I surveyed the literature for studies reporting genetic correlations between two or more of the traits, development time, growth rate, size at maturity (which I shall also refer to as simply adult size) and fecundity. I include only data for nondomesticated species. To avoid pseudoreplication I used mean values per species unless the data were highly discrepant in which case I report both individual values and means. If both male and female estimates were given I used only the female estimates. If possible, I used the heritability estimate for adult size that was reported in the same paper as the other trait (Gkoers, Dtyd, Feiers): this means that in a few cases the heritability estimate for adult size may differ among comparisons. Where multiple indexes of size were given (e.g. head width, femur length) I used the averaged value of the heritability or correlation. Where possible, estimates were only used for animals reared in the laboratory under ‘normal’ conditions (e.g. not an obviously novel food source). Traits were defined as follows:

1 Development time: For insects, which are the majority of organisms, the time from hatching to final eclosion. For the other invertebrate (Helix aspersa, a snail), hatching to first reproduction. For vertebrates, the time from ‘hatching’ to first reproduction. For plants, the time from seedling emergence to flowering.

2 Size at maturity: For insects, this is either the size at eclosion or a closely correlated trait such as pupal weight. For other organisms it is the size at first reproduction.

3 Growth rate: The ideal measure would be the slope of the linearized relationship between size at age t en t. In the absence of this measure I have used size at some immature age as a surrogate. In some papers growth rate is defined as adult size/development time: this would only be ‘growth rate’ as defined previously if the growth trajectory were linear. Because no evidence is presented for this, and because this measure is confounded with the other two traits (adult size, development time) under study, I have not used this measure of growth rate.

4 Fecundity: Some measure of the number of propagules produced during some defined period.

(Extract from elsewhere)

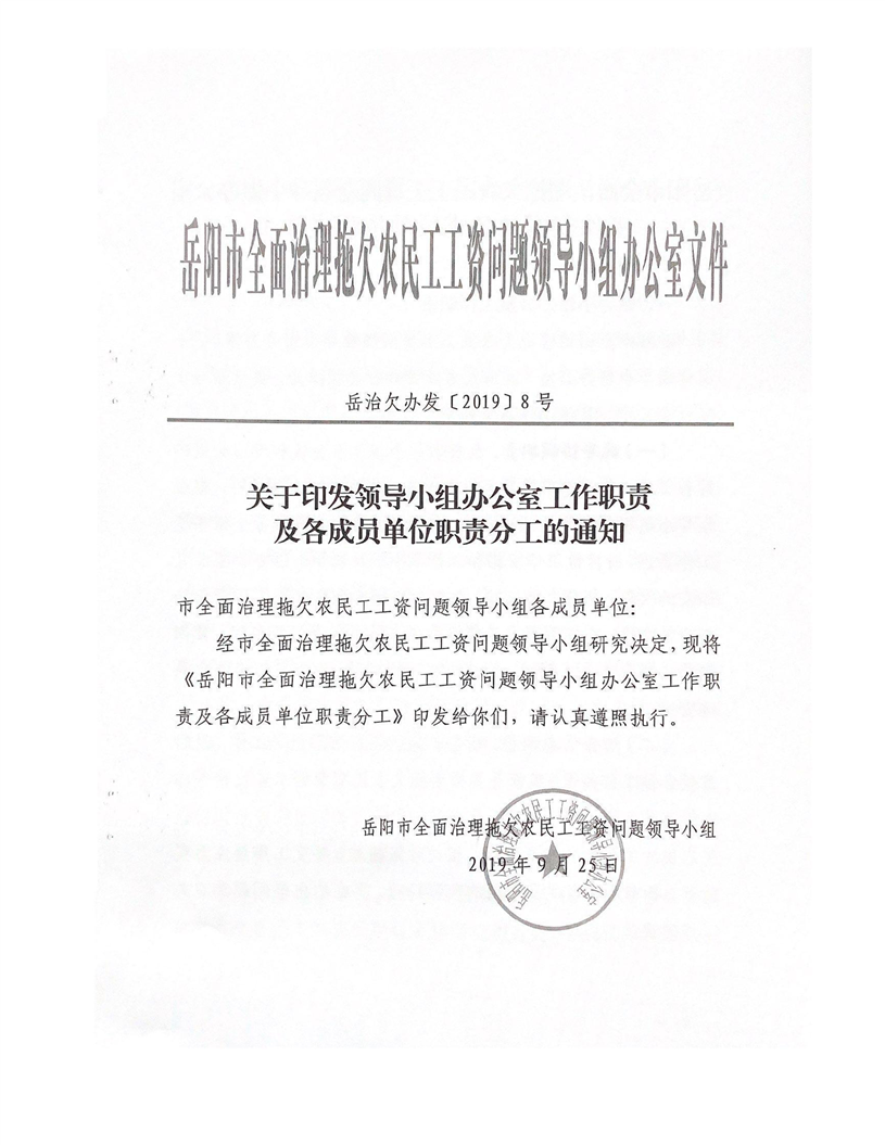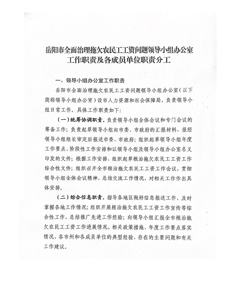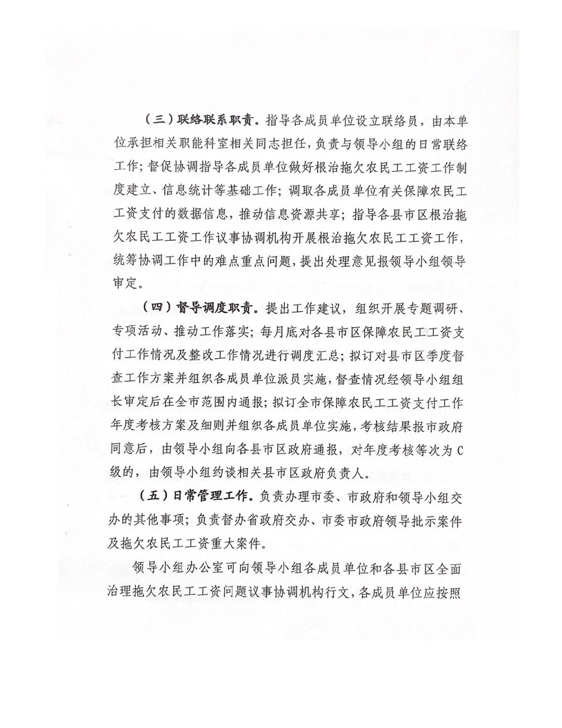 关于印发领导小组办公室工作职责及各成员单位职责分工的通知
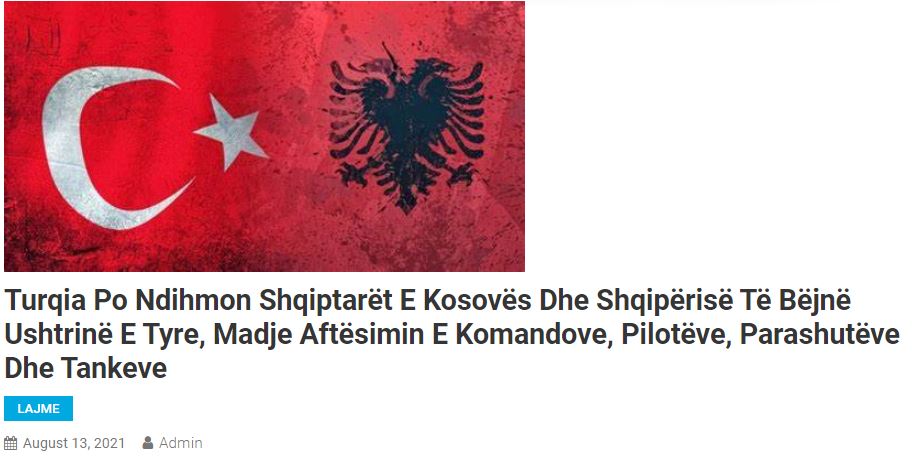 Έτσι, η εκπαίδευση των πιλότων για αεροσκάφη  καθώς και  για άρματα μάχης, αλεξιπτωτιστές, κομάντος και άλλα προφίλ, είναι μερικές μόνο από τις τουρκικές δραστηριότητες βοήθειας που κάνουν προς τους Αλβανούς του Κοσσυφοπεδίου.

The phenotypic correlation is a complex function of the genetic correlation and therefore it has been suggested that the phenotypic correlation cannot be assumed to be a reliable guide to the evolutionary importance of a trade-off ( 50 79 60 , 62 69 ). To see if this admonition holds true across different categories of trade-offs I compare the genetic (ra) and phenotypic (rbl) correlations, asking first if there is a correspondence between the signs, which at least indicates that the phenotypic correlation is a guide to the presence of a trade-off, and, second, if the value of rbl is a reasonable surrogate for ra.


10 - Evolutionary quantitative genetics of sperm

Evolution requires two separate conditions selection, resulting from differences in traits associated with variation in fitness, and additive genetic variation underlying the morphological, physiological or behavioral variation. By far, most evolutionary studies have focused on the selection. The ability to fertilize eggs clearly influences male fitness and so studying variation in sperm traits that are related to fertilization success—that is, the covariance between fitness and sperm characteristics—has led to a good understanding of the types of selection that influence sperm. The evolutionarily relevant aspects of genetics of sperm traits, which is the evolutionarily relevant source of this variation, are less well studied. Additive genetic effects are those effects of genes that are independent of the effects of any other genes that affect the trait of interest—in other words, the effects of genes that can be transmitted across generations without any dependence on the transmission of any other genes. For most complex traits, multiple additive effects sum to give an overall genetic contribution.


Kyk die video: Biologija,. SŠ - Diferencijacija i specijalizacija stanica (Oktober 2022).